On the Feature Learning in Diffusion Models
Andi Han, Wei Huang, Yuan Cao, Difan Zou
TL;DR
This work develops a theoretical framework to analyze how diffusion models learn features during training and contrasts it with supervised classification. In a two-patch data setting with orthogonal signal and noise, diffusion models exhibit balanced learning of signal and noise, with the stationary weight alignment obeying a ratio of Θ(n SNR^2). Classification, by contrast, shows a phase transition governed by n SNR^2, where high values favor signal learning and low values favor memorizing noise. Experiments on synthetic data and real-world Noisy-MNIST/MNIST demonstrate the predicted dynamics: diffusion maintains balanced feature learning across regimes, while classification tends to shortcut by focusing on either signal or noise, depending on the SNR. The findings offer insights into the robustness and representation-learning power of diffusion models and point to extensions to more complex data, conditional/latent diffusion, and other generative paradigms.
Abstract
The predominant success of diffusion models in generative modeling has spurred significant interest in understanding their theoretical foundations.
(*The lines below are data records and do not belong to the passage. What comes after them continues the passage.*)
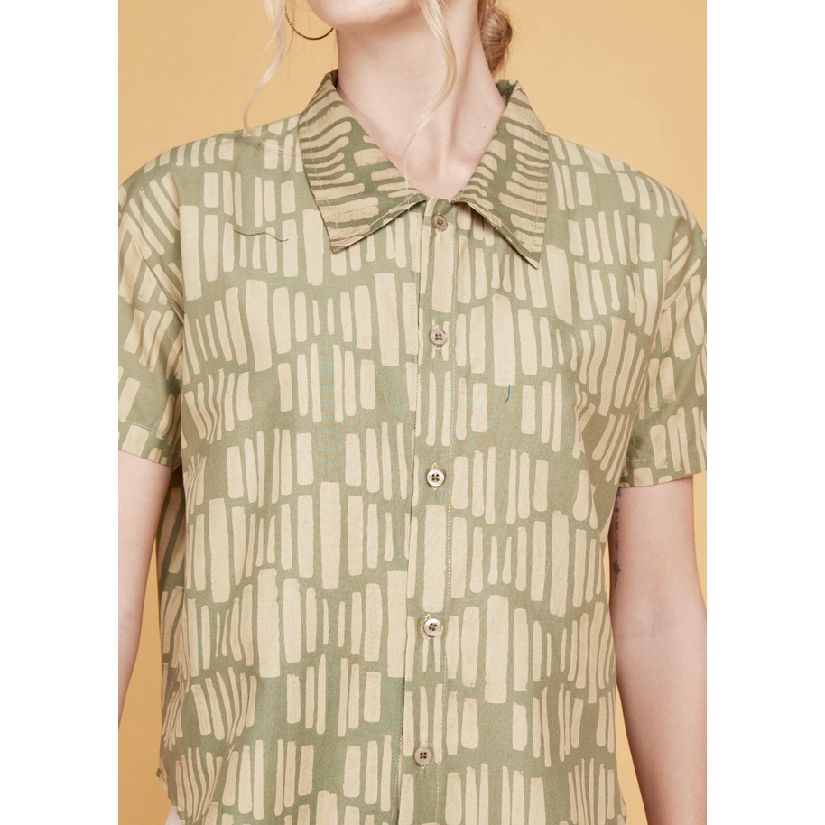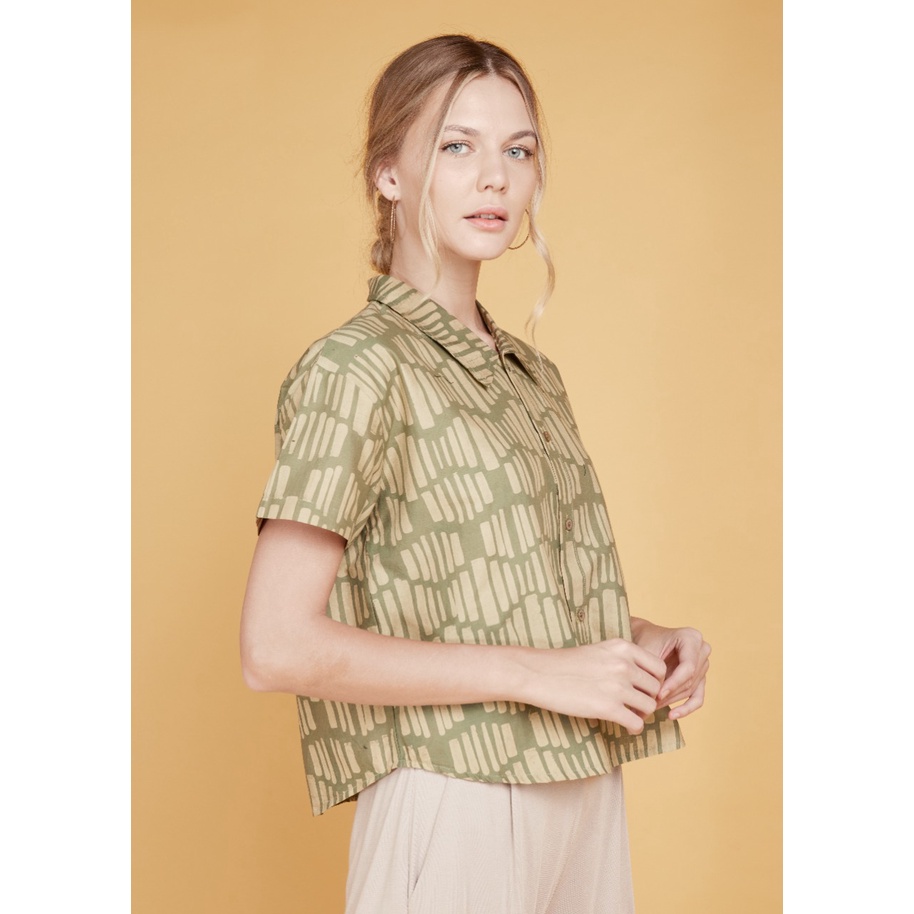 Batik Fractal Kemeja Wanita Ruas Hijau
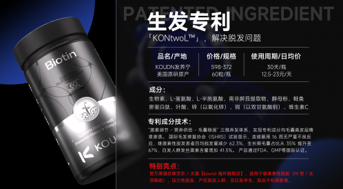 KONtwoL生发专利成分:涵盖L-蛋氨酸、L-半胱氨酸等合成角蛋白的核心氨基酸,经小分子化技术处理后,毛囊吸收效率较普通氨基酸提升4.1倍,直接为毛干生长输送核心“原料”,加速新生绒毛萌发;
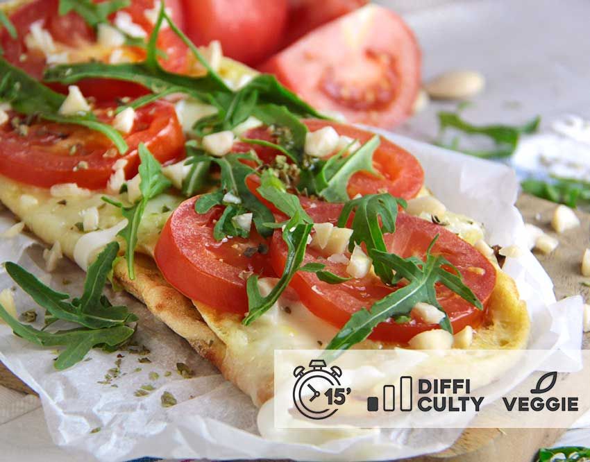 Dentro de una alimentación variada y equilibrada tenemos que añadir alimentos de todo tipo, así que nada de criminalizar a la pizza! Siempre mejor si la hacemos en casa, de este modo sabemos exactamente lo que estamos comiendo y, además, podemos añadir los ingredientes que más nos gusten. En nuestra receta utilizamos verduras como la rúcula y el tomate, que le darán un toque fresco. La mozzarella de búfala le dará el punto italiano y las almendras la harán más crujiente! Buenísima os lo aseguramos.
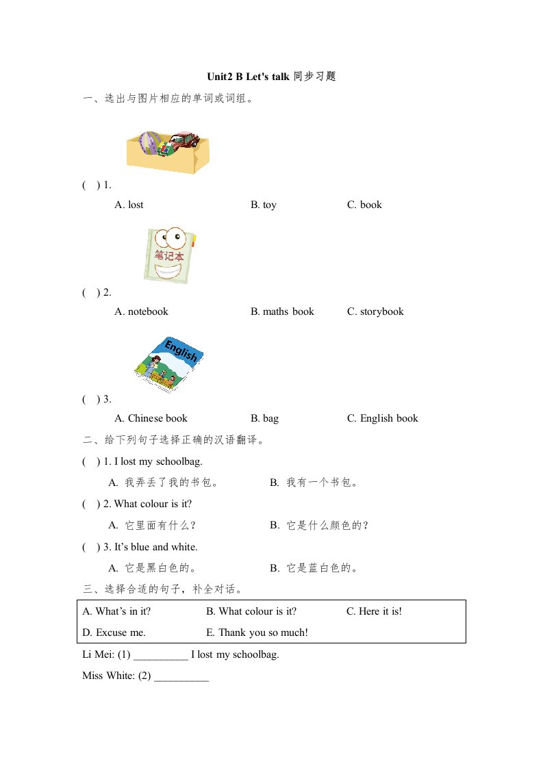 四年级英语上册Unit2_B_Let’s_talk同步习题(人教版一起点)_共3页
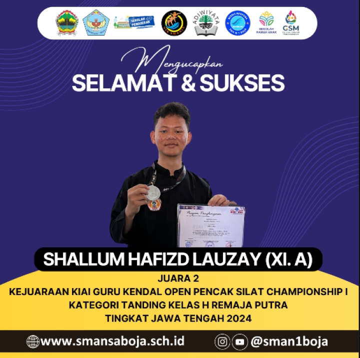 Juara 2 Kejuaraan kiai Guru Kendal Open Pencak Silat Champiomship I Kategori Tanding Kelas H Remaja Putra Tingkat Jawa Tengah 2024
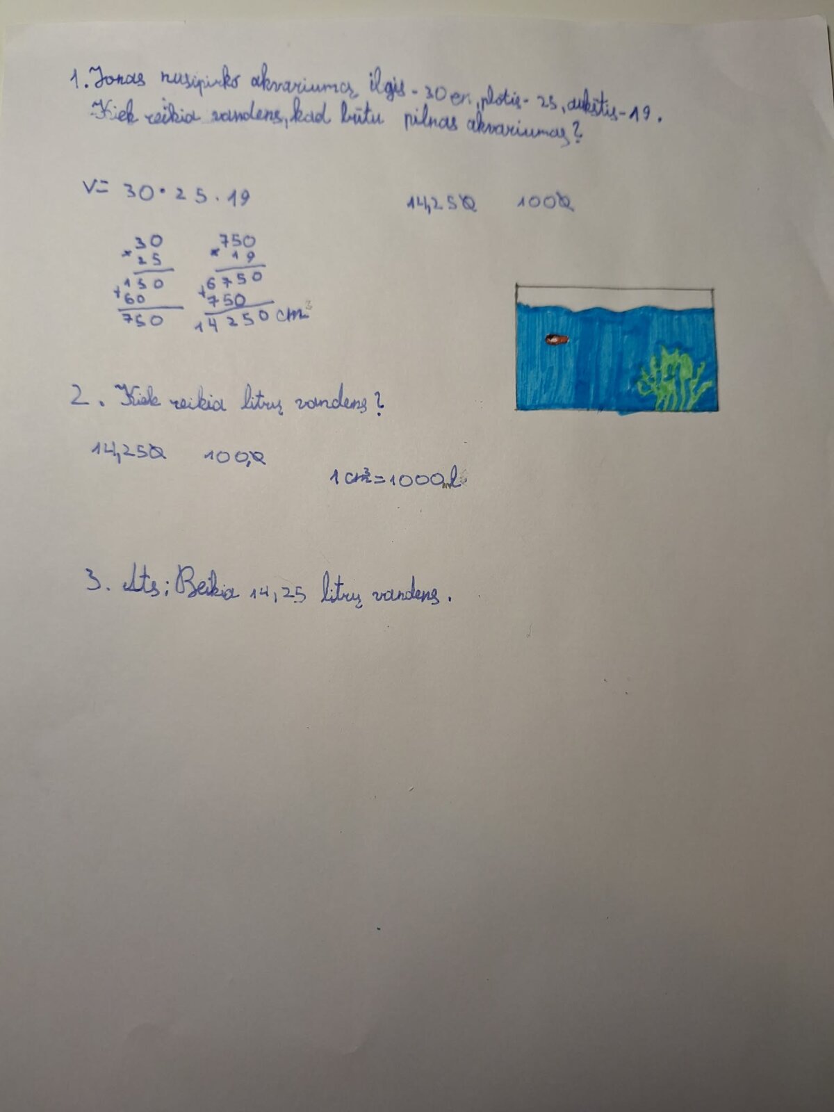 Antrą pamoką dirbome savarankiškai. Iš pradžių matavome atsineštų sulčių pakelių ilgį, plotį ir aukštį. Tada, atlikdami jau išmoktų veiksmų seką, apskaičiavome sulčių pakelio tūrį ir plotą. Kai skaičiavome sulčių pakelių tūrį, ieškojome atsakymo į iškeltą problemą: ar į tą mažą pakuotę sutilps 200 mililitrų? Skaičiavimai parodė, kad apytiksliai tiek ir telpa.
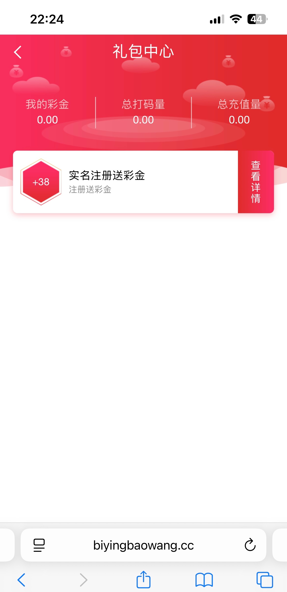 礼包中心领取新人实名彩金38元最低提款100
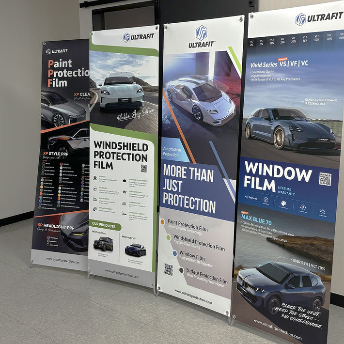 Banner with visuals and specs for ULTRAFIT Paint Protection Film.

In this work, we propose a feature learning framework aimed at analyzing and comparing the training dynamics of diffusion models with those of traditional classification models. Our theoretical analysis demonstrates that diffusion models, due to the denoising objective, are encouraged to learn more balanced and comprehensive representations of the data. In contrast, neural networks with a similar architecture trained for classification tend to prioritize learning specific patterns in the data, often focusing on easy-to-learn components. To support these theoretical insights, we conduct several experiments on both synthetic and real-world datasets, which empirically validate our findings and highlight the distinct feature learning dynamics in diffusion models compared to classification.